■ **EXERCISE PROMPT**: Repeat every record exactly as written, but leave out the pictures.

■ **Dataset records**:
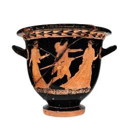 Cratere a campana attico a figure rosse; Lato A: giovane tra due fanciulle; Lato B: due giovani ammantati e figura femminile
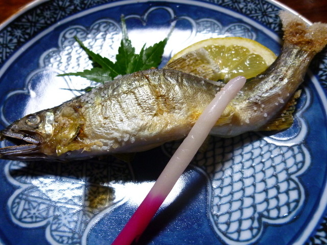 肥えた立派な鮎です。パリッと焼かれた皮目は勿論、程良い苦みがある
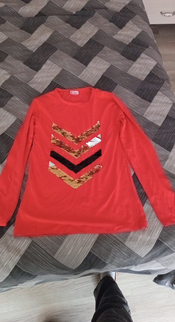 Kız çocukları için uzun kollu, yuvarlak yakalı ve bol kesim kırmızı tişört. Sentetik kumaştan, payetli renkli baskılarla sokak modası tarzında.
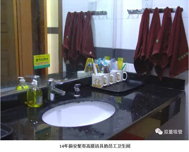 “雙童”很奢,奢在連員工寢室的“水龍頭”都要四五百塊錢(qián)一個(gè)!2004年,“雙童”按三星級標準裝修了所有員工寢室。每個(gè)寢室都配有干凈整潔的洗手間、寬敞明亮的洗衣陽(yáng)臺和格力的空調,并配有各種家具,還提供24小時(shí)的熱水和純凈水飲用系統。連衛生間內配置的科勒牌水龍頭價(jià)格就高達500多元,十多年過(guò)去至今沒(méi)有壞過(guò)一個(gè)。
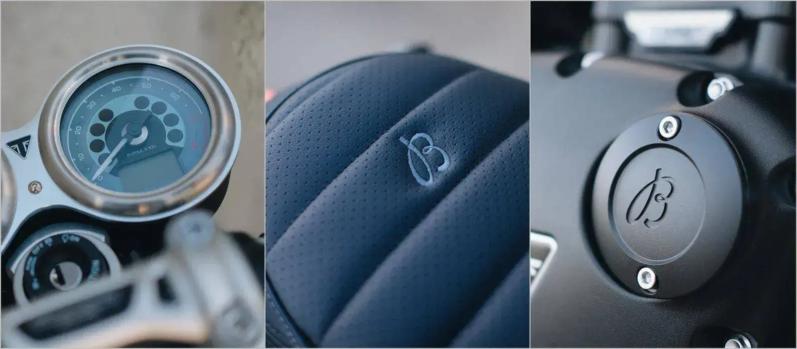 Codiseñados por Breitling, los indicadores de velocidad y RPM de la motocicleta adaptan el estilo del diseño de la esfera del Top Time Triumph.

■ **RESPONSE TO THE TASK**:
 Cratere a campana attico a figure rosse; Lato A: giovane tra due fanciulle; Lato B: due giovani ammantati e figura femminile
 肥えた立派な鮎です。パリッと焼かれた皮目は勿論、程良い苦みがある
 Kız çocukları için uzun kollu, yuvarlak yakalı ve bol kesim kırmızı tişört. Sentetik kumaştan, payetli renkli baskılarla sokak modası tarzında.
 “雙童”很奢,奢在連員工寢室的“水龍頭”都要四五百塊錢(qián)一個(gè)!2004年,“雙童”按三星級標準裝修了所有員工寢室。每個(gè)寢室都配有干凈整潔的洗手間、寬敞明亮的洗衣陽(yáng)臺和格力的空調,并配有各種家具,還提供24小時(shí)的熱水和純凈水飲用系統。連衛生間內配置的科勒牌水龍頭價(jià)格就高達500多元,十多年過(guò)去至今沒(méi)有壞過(guò)一個(gè)。
 Codiseñados por Breitling, los indicadores de velocidad y RPM de la motocicleta adaptan el estilo del diseño de la esfera del Top Time Triumph.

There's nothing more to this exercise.